In this recitation we’ll do some maximum likelihood exercises using the simple probit model. First let’s write code to simulate data from this model and calculate the likelihood of the data given a set of parameters.

Recall that the probit model can be written as:

\[ Y_{n} = \mathbf{1}\{X_{n}\beta - \epsilon_{n} \geq 0 \},\ \epsilon\sim \mathcal{N}(0,1) \]

So it will be simple to simulate data from this model. We’ll assume that \(X_{n} = [1\ X_{n,1}\ X_{n,2}]\) where each \(X_{n,j}\) is distributed as a standard normal.

For no good reason other than that we want to explore the issues later on, suppose that the parameters \(\beta_{1},\beta_{2},\beta_{3}\) are a function of deeper structural parameters \(\gamma\):

\[ \beta_{1} = \exp(\gamma_{1}+\gamma_{2}), \beta_{2} = \gamma_{2}, \beta_{3} = \gamma_{1} \]

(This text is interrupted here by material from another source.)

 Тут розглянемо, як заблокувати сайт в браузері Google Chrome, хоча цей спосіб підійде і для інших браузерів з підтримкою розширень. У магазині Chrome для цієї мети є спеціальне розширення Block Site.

Below is code for simulating the data and calculating the log-likelihood given \(\beta\).

using Distributions, ForwardDiff, Optim, Random, LinearAlgebra, Plots

function simulate_probit(β,N)
    F = Normal()
    X = [ones(N) rand(F,N,2)]
    eps = rand(F,N)
    Y = (X * β .- eps) .> 0
    return (Y,X)
end

function log_likelihood(n,Y,X,β,Fϵ)
    @views xb = dot(X[n,:],β)
    if Y[n]==1
        return log(cdf(Fϵ,xb))
    else
        return log(1-cdf(Fϵ,xb))
    end
end

function log_likelihood(Y,X,β)
    ll = 0.
    N = length(Y)
    Fϵ = Normal()
    for n in eachindex(Y)
        ll += log_likelihood(n,Y,X,β,Fϵ)
    end
    return ll / N
end

log_likelihood (generic function with 2 methods)

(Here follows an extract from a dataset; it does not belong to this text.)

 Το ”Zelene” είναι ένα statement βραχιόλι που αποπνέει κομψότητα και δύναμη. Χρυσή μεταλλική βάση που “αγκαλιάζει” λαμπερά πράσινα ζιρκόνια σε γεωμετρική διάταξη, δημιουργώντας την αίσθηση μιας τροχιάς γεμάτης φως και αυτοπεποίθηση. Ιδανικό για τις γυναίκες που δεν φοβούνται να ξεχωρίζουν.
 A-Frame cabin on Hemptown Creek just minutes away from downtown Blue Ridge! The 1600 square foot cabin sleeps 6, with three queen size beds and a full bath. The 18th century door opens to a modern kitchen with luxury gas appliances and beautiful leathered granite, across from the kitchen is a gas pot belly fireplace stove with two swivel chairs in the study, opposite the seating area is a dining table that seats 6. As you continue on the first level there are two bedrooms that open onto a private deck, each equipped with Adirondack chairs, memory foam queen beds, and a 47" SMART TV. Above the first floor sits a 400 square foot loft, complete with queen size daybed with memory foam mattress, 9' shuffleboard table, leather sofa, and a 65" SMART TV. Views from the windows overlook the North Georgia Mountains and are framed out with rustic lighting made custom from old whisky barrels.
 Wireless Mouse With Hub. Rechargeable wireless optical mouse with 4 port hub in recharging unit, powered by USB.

A Warning when Using Automatic Differentiation

For simple models you are unlikely to run into this issue, but for more complicated models you need to be careful when pre-allocating arrays in functions that you plan to differentiate “automatically”. Here is an example. Suppose we write the following function to get the reduced form coefficients \(\beta\) as a function of \(\gamma\):

function get_β_stupid(γ)
    β = zeros(3)
    β[1] = exp(γ[1]+γ[2])
    β[2] = γ[2]
    β[3] = γ[1]
    return β
end

get_β_stupid (generic function with 1 method)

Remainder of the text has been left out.